● **The data**:
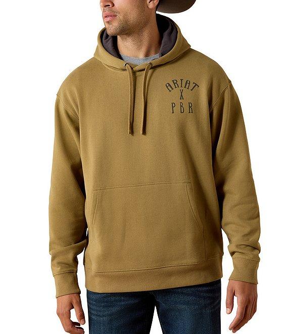 From Ariat, this hoodie features: Soft, brushed fleece fabric Adjustable lined hood Long sleeves "Ariat x PBR" logo screen printed graphic on the front Cowboy riding a bull character graphic on the back Pullover construction Perfect for everyday wear with a familiar, easy fit Cotton/polyester soft brushed fleece Machine wash/tumble dry Imported.
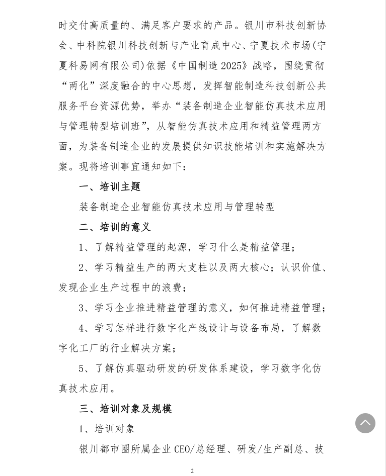 装备制造企业智能仿真技术应用与管理转型培训班的通知
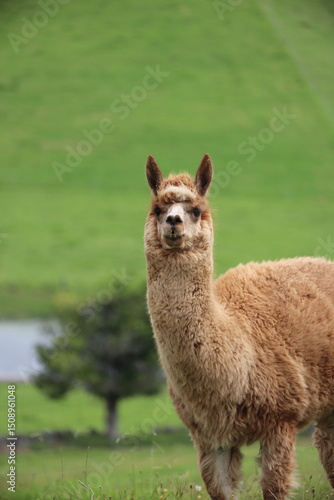 Beautiful Alpaca in country green background, domestic animal photography
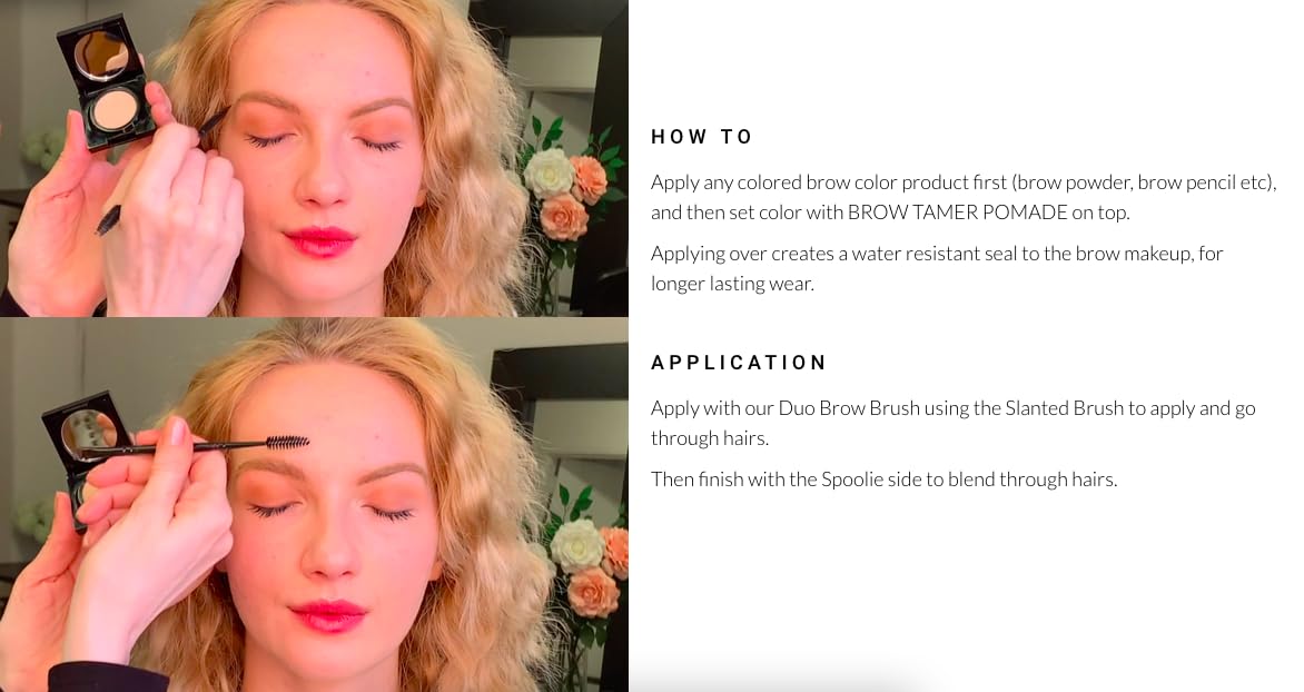• HOW TO USE: Use alone to groom and shape brows. Apply after brow makeup. Does not change brow makeup color. Can also be layered with our Clear Brow Gel applied before Brow Wax Pomade for extra hold. Easy to apply with our elke Duo Brow Brush. Apply with the angled brush to brow hairs. Blend with the soft spoolie brush. ADD TO CART>
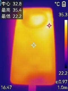 机身背面的最高温度竟然低于40摄氏度,仅有36.2摄氏度。
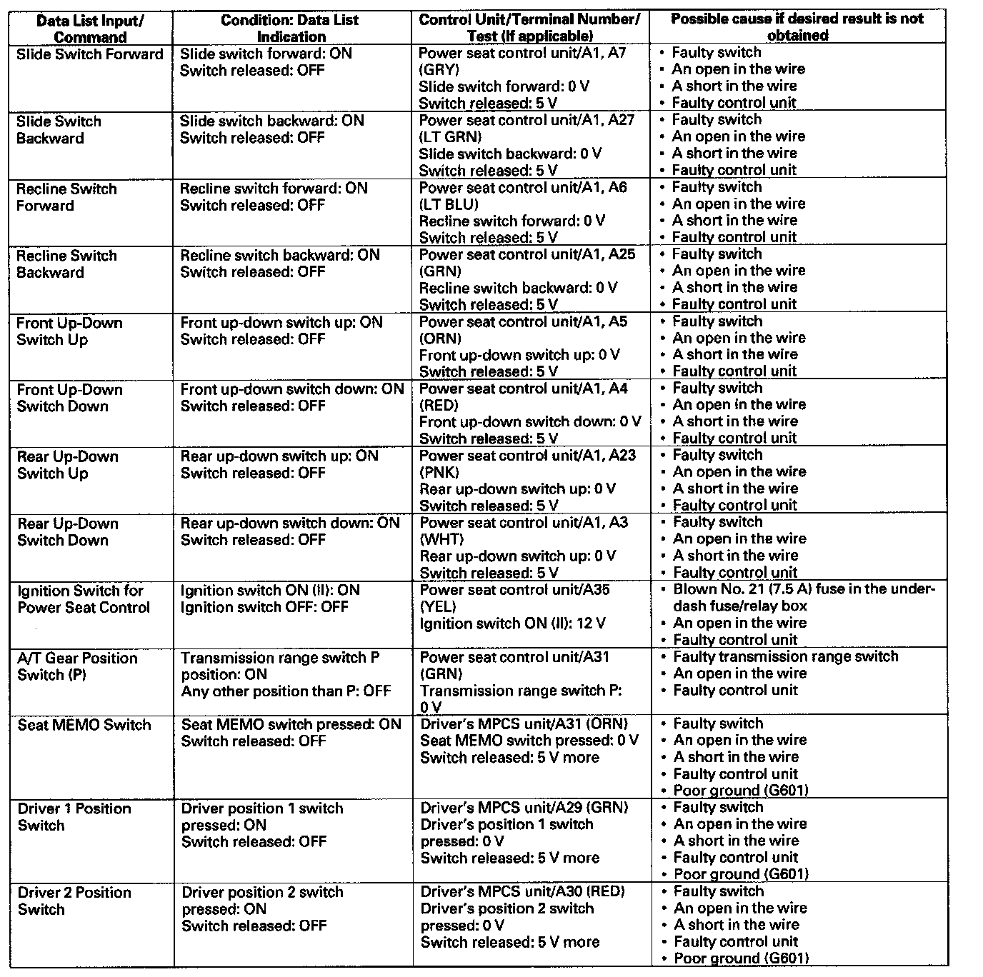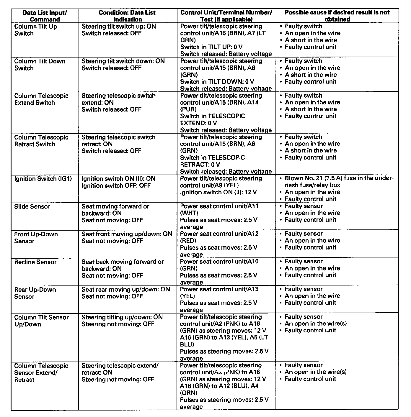 - If the data list indication is not correct, do the appropriate test at the control unit and terminal indicated in the table.
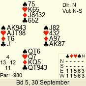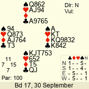 | Con | Dc | Res | Score | Ld | Pairs | Rd | Tbl |  5   | S | +1 | 480 | A  | 04 - 09 | 6 | 4 |
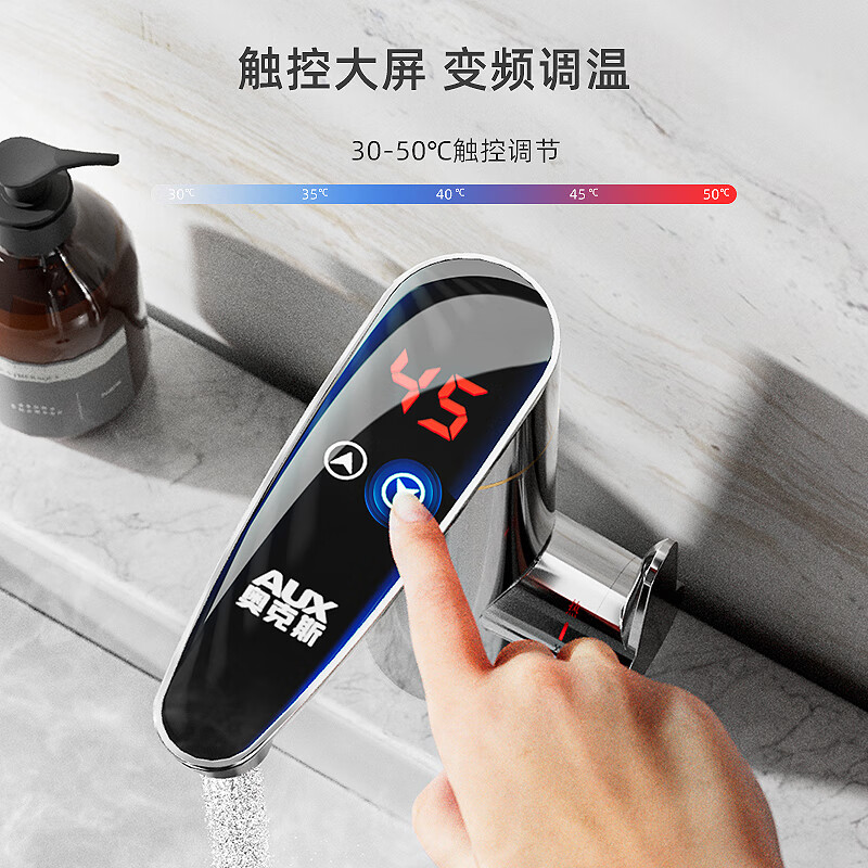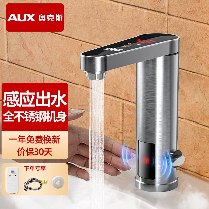 奥克斯电热水龙头变频恒温卫浴面盆冷热两用感应变频恒温速热快热厨房宝下进水带漏保WT1不锈钢价格:329.00元!
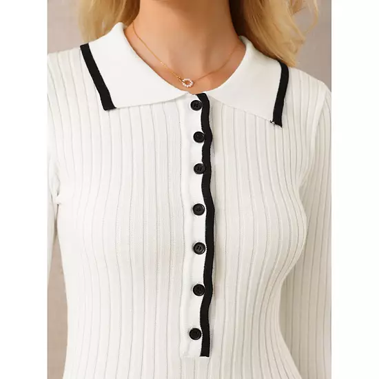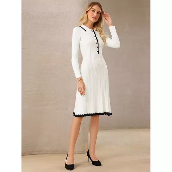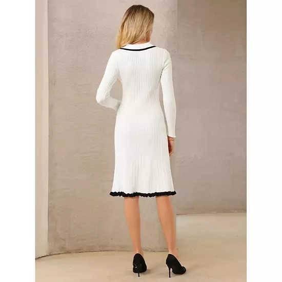 Keep your look elegant in this sweater dress, featuring contrast color trim, polo neck, button down, collared, long sleeve, ruffled hem, A-line, knitted ribbed fabric, midi; Pair with elegant necklace and high heels for a chic office look; Comfortable and classic, this semi-formal fall dress is perfect on its own or as a layer under a blazer or jacket; Focused on Ladies’ Semi-Formal Wear – This knitted sweater dress can be a perfect addition to almost any outfit from formal to daily wear, great for work, meeting, office, casual, daily dressing, etc.
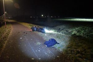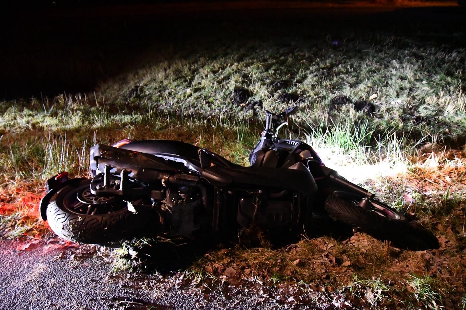 Door de val lag het fietspad bezaaid met persoonlijke spullen en onderdelen van de motorscooter. Een berger heeft het beschadigde voertuig meegenomen.
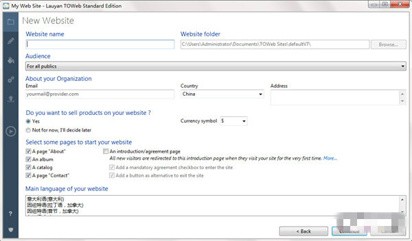 改進了網(wǎng)站創(chuàng)建向導,其中包含新的選項以及可以從基本模板和空白主題快速啟動的選項
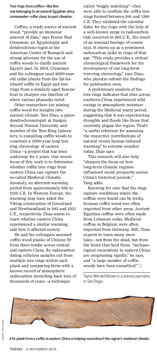 近日, 91av 杨保教授团队的研究成果获得国际权威学术期刊《科学》(Science)新闻版块(News)关注,并以《古代棺木年轮为洞悉地球过去提供线索》(“Tree rings from ancient coffins offer clues to Earth’s past”)为题进行专题报道。
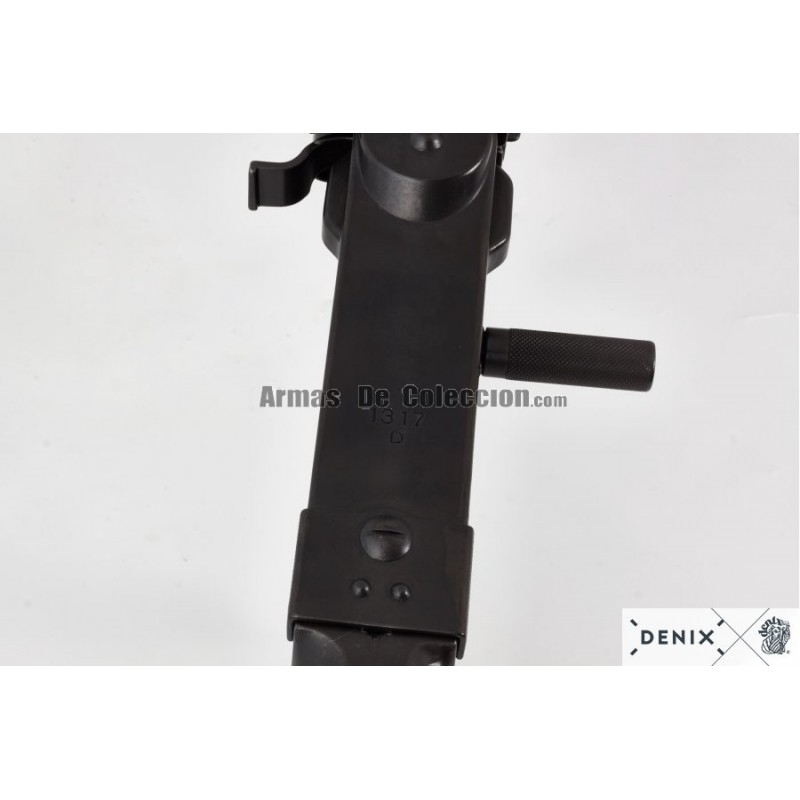 Fabricada con metal, madera y polímeros, esta imitación incluye un bípode móvil, cargador fijo, y mecanismos externos simulados de carga y disparo. Con 122 cm de longitud y 6,94 kg de peso, refleja con precisión las dimensiones del modelo real. Su acabado robusto y su impresionante presencia visual la convierten en una pieza imprescindible para coleccionistas y recreadores históricos.

● **Task requirements**:
Leaving every picture out, write out exactly the lines from the beginning of the listing above to the line with "Beautiful Alpaca in", inclusive.

● **Answer area**:
 From Ariat, this hoodie features: Soft, brushed fleece fabric Adjustable lined hood Long sleeves "Ariat x PBR" logo screen printed graphic on the front Cowboy riding a bull character graphic on the back Pullover construction Perfect for everyday wear with a familiar, easy fit Cotton/polyester soft brushed fleece Machine wash/tumble dry Imported.
 装备制造企业智能仿真技术应用与管理转型培训班的通知
 Beautiful Alpaca in country green background, domestic animal photography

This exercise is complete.